18 Eylül 2020 Cuma

Virüsün canlı tuttuğu!


Ölüm her zaman görünür idi, lakin biz görmüyor ya da görmek istemiyorduk! 

Artık  istemesek de etrafını aslanların sardığı ceylan sürüsü gibi sıramızı bekliyoruz! 

Arkadaşlarımız, karşı komşumuz, ünlü biri... testler pozitif ve şifa bulsunlar diye dua ederken, endişemiz kendimiz, yakınlarımız için de artıyor! 

Ne zaman, sevdiğimiz birisini kaybetsek gerçekte bir yanımız kendi ölümümüzü, nasıl öleceğimizi düşünmüyor mu?
 
Ona ağlarken, kendimize, bilinmeyen ve iyi olmasını umup temenni ettiğimiz ölüm saatimize de ağlamıyor muyuz?

Korona günlerinde maskelerin yalnız bedenlerimizi değil, ruhlarımızı da nefes almakta zorladığı, 
zaman zaman sabrımızın azaldığı, ''ne zaman bitecek?'' sorularının bir türlü ''toplu dua'' olarak arşa yükselemediği demlerde; bardağın dolu taraflarından biri de bize ölüm hakikatini sürekli hatırlatması olabilir mi, bu düşünülmelidir!  
Çünkü ölüm ve rızık eşref-i mahluk olarak yaratılan insanından, en küçük bakterisine, okyanuslar altındaki o karanlıklar içindeki minnacık canlıları bile asla unutmuyor! 
Çünkü ölümün de Rabbi, yarattığı her şeyi, sayıları -künhü ne olursa olsun- tek tek bilecek, duyacak, görecek, sevk ve idare edecek hükümranlığın, kudretin sahibi Celle Celalühü... 

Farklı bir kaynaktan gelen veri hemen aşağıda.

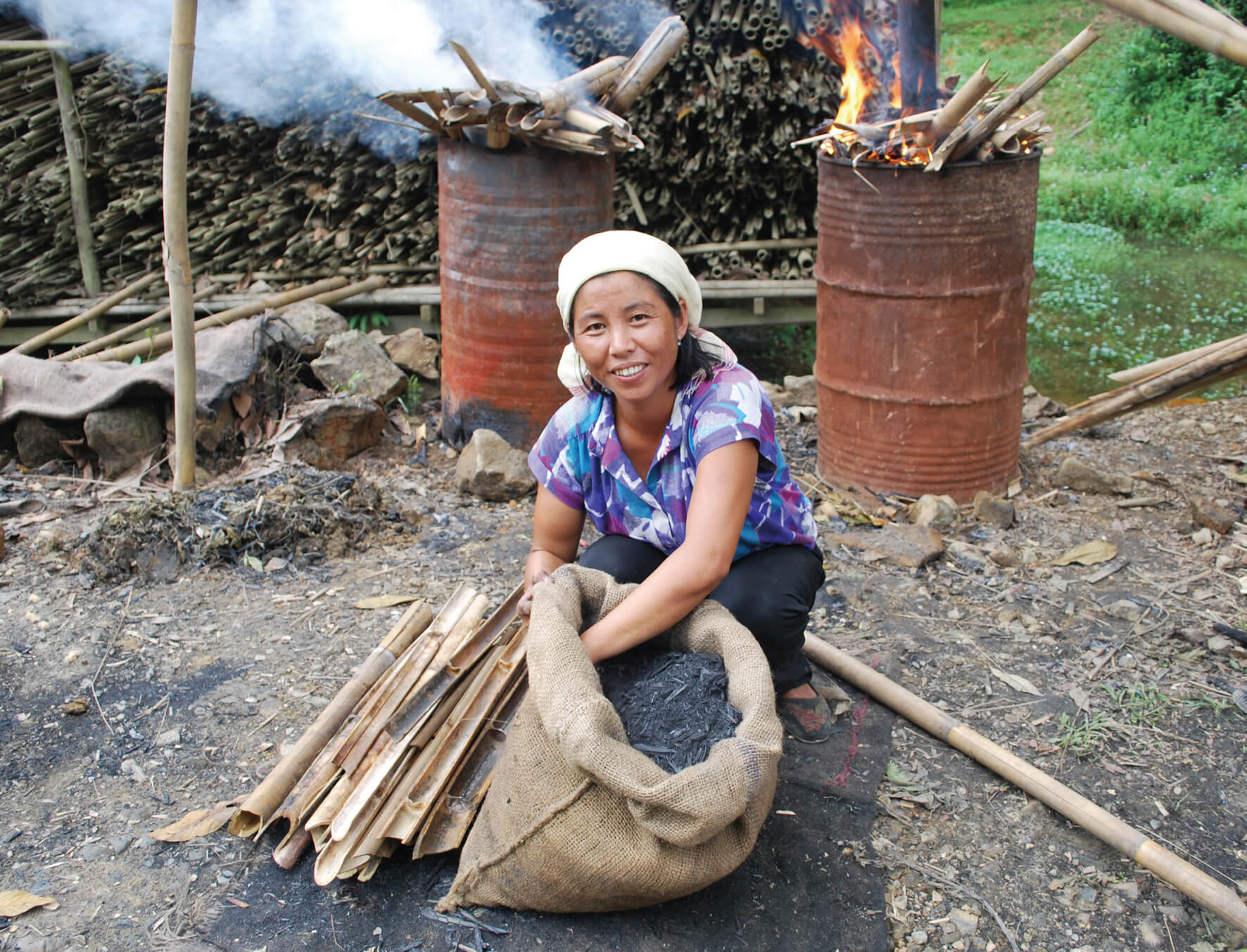 Because it grows fast, bamboo can provide a more sustainable alternative than timber and other commonly used forms of biomass energy: a report in Ghana showed that charcoal from bamboo had a lower eco-cost and carbon footprint than teak and acacia, two other plants used to make charcoal. It is also easy to produce in the home, using cheap technologies. A number of INBAR projects have spread bamboo charcoal use across countries including China, Ethiopia, Ghana, India, Madagascar, the Philippines, Viet Nam and more.

Ölüm ve ötesini düşünüp, kaygı duymamak, hazırlık yapma çabasında olmamak da aslında ölmüş bir kalbin resminden başka bir şey değil! 
Ölmezden önce bu dünya rüyasından uyanmayı bizlere nasip eyle, 
bizi bırakma, bizden vazgeçme Allah'ım! Amin.